# Prompt
Print exactly the lines below between the line holding "为促进在校学生尽早明确努力方" and the line holding "宇都宮駅前にはシンボルの餃子", inclusive, and nothing more.

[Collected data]

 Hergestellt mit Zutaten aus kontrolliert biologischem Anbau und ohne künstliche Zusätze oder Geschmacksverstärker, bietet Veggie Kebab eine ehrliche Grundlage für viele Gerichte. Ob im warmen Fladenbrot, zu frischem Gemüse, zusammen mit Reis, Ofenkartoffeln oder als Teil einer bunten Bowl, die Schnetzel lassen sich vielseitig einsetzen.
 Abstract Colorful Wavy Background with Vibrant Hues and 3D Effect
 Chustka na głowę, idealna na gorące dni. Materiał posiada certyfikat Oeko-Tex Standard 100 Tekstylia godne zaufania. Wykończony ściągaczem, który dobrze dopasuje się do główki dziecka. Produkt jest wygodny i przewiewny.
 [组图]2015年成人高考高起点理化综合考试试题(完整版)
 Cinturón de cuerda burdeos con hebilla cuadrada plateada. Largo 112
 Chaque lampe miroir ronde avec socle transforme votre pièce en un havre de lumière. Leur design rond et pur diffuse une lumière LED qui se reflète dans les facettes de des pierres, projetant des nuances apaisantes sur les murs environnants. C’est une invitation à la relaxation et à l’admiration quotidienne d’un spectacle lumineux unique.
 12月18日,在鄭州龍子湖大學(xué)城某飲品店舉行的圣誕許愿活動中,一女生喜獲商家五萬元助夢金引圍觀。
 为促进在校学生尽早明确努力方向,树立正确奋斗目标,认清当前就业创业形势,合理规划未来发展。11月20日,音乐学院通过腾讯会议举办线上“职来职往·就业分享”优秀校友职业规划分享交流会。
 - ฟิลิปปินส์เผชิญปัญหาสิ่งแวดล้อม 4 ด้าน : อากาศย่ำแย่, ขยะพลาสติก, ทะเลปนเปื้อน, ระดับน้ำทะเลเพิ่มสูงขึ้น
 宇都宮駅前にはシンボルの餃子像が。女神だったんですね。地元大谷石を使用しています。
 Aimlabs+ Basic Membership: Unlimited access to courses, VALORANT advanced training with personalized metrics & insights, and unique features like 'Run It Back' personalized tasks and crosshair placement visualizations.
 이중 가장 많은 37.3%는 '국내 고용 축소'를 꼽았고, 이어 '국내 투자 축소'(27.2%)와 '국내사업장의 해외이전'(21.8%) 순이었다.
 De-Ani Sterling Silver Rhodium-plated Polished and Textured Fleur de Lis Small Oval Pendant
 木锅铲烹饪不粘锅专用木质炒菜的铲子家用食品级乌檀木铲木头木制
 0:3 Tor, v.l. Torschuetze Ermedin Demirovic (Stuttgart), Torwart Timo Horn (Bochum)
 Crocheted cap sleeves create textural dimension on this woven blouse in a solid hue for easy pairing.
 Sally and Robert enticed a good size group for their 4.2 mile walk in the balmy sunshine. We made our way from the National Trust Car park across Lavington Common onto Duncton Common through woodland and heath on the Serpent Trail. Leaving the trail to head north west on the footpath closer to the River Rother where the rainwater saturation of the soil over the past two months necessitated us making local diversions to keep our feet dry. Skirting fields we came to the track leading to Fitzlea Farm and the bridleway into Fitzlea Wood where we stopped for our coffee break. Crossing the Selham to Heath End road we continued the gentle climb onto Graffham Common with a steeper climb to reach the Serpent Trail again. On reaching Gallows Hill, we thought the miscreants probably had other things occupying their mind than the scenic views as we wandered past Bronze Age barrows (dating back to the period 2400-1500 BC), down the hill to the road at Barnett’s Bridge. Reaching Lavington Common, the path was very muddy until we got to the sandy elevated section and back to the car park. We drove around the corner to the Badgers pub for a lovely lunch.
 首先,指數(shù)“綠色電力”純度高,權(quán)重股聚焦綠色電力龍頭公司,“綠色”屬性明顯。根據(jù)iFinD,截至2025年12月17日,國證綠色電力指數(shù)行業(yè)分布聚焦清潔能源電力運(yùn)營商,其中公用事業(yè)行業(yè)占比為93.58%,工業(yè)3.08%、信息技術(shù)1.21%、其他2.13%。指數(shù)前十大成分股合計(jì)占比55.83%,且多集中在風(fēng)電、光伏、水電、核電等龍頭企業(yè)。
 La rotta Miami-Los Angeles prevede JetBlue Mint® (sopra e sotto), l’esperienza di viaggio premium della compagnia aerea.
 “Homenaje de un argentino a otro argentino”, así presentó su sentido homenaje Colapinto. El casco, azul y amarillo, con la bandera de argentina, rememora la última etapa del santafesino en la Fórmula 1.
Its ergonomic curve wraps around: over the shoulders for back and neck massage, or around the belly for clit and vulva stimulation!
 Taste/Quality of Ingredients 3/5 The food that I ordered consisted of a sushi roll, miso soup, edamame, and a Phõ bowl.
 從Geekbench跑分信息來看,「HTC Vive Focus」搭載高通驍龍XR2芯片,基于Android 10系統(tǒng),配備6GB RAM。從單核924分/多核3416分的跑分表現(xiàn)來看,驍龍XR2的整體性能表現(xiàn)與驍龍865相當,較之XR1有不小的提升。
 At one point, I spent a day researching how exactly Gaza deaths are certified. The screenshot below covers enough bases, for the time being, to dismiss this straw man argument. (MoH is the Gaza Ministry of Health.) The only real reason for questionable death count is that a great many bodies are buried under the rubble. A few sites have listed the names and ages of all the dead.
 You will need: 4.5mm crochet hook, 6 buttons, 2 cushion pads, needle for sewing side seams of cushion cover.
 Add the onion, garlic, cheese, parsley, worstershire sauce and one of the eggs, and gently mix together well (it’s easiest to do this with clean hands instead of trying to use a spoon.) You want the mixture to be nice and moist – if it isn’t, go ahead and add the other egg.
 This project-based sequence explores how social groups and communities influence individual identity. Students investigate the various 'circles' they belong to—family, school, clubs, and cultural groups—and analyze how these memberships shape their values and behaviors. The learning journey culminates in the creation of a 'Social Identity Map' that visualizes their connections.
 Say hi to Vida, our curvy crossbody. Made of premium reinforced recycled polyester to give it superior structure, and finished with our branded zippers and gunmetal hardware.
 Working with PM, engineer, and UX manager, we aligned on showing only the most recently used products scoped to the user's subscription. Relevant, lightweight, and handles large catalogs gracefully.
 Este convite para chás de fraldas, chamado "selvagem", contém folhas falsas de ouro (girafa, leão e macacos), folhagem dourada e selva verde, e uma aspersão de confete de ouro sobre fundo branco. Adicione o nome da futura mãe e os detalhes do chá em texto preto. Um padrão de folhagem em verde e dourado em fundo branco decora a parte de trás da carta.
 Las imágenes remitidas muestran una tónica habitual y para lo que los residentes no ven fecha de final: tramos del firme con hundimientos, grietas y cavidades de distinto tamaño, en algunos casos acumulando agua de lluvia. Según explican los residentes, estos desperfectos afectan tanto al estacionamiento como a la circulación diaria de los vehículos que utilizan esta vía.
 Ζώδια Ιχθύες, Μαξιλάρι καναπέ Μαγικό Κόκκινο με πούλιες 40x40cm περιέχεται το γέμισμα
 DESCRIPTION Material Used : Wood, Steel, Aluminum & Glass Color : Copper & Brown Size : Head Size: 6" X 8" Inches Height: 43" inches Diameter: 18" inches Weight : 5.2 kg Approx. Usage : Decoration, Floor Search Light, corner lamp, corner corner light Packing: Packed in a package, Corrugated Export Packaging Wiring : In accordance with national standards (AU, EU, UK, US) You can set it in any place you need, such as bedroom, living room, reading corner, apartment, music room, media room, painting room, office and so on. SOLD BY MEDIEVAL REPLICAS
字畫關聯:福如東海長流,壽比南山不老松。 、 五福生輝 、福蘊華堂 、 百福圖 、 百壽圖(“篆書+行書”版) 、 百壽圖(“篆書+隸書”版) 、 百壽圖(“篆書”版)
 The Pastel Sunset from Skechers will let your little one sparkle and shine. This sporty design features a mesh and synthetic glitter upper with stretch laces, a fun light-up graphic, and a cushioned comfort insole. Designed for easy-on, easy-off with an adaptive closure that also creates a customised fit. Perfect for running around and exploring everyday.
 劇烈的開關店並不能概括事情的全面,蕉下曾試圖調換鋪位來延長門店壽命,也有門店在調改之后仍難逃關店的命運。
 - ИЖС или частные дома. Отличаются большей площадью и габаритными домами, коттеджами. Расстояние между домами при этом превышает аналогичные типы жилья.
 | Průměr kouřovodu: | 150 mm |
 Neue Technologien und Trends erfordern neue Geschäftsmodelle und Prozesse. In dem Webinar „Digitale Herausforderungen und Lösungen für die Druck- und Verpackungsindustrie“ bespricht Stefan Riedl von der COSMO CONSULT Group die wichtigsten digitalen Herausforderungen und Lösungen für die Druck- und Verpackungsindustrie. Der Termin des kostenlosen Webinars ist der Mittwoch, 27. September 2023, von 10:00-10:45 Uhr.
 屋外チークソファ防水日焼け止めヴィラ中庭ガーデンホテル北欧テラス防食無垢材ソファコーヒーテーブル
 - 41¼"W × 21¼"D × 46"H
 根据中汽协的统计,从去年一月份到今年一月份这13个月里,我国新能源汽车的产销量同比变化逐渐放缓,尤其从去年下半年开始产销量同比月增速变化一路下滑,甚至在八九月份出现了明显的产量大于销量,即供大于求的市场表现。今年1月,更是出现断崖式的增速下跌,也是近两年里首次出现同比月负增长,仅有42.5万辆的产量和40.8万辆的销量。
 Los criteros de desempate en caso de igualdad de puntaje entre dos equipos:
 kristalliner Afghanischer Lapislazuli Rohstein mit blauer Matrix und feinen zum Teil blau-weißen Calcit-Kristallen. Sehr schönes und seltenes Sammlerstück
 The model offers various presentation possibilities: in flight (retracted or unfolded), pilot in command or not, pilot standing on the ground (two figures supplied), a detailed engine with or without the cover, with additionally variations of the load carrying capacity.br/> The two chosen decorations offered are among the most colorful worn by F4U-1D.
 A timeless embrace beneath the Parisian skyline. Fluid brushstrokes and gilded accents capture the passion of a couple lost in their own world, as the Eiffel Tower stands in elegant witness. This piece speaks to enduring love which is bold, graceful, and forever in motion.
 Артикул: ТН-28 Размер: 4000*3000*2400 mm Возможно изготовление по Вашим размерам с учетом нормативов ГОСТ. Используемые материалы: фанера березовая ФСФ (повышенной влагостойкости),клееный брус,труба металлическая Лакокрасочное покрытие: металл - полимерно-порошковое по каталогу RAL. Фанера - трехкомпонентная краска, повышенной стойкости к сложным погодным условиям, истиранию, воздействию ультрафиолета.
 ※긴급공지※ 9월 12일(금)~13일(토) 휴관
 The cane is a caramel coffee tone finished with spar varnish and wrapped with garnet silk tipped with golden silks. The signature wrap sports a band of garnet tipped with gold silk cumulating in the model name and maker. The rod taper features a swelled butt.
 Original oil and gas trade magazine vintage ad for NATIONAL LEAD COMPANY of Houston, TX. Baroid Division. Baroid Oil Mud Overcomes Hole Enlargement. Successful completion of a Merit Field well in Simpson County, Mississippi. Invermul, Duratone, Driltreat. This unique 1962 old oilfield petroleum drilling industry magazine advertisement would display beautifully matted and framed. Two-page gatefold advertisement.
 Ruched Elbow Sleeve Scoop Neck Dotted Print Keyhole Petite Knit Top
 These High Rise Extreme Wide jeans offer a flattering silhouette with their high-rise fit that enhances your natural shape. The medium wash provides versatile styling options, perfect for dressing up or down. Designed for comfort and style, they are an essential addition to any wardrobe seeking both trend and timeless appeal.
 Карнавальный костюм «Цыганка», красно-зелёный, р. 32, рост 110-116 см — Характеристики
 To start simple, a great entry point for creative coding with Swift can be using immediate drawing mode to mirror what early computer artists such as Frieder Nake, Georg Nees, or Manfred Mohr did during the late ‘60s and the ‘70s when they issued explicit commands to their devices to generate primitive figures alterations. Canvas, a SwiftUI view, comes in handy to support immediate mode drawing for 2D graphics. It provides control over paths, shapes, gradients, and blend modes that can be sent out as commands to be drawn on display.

# Task response
 为促进在校学生尽早明确努力方向,树立正确奋斗目标,认清当前就业创业形势,合理规划未来发展。11月20日,音乐学院通过腾讯会议举办线上“职来职往·就业分享”优秀校友职业规划分享交流会。
 - ฟิลิปปินส์เผชิญปัญหาสิ่งแวดล้อม 4 ด้าน : อากาศย่ำแย่, ขยะพลาสติก, ทะเลปนเปื้อน, ระดับน้ำทะเลเพิ่มสูงขึ้น
 宇都宮駅前にはシンボルの餃子像が。女神だったんですね。地元大谷石を使用しています。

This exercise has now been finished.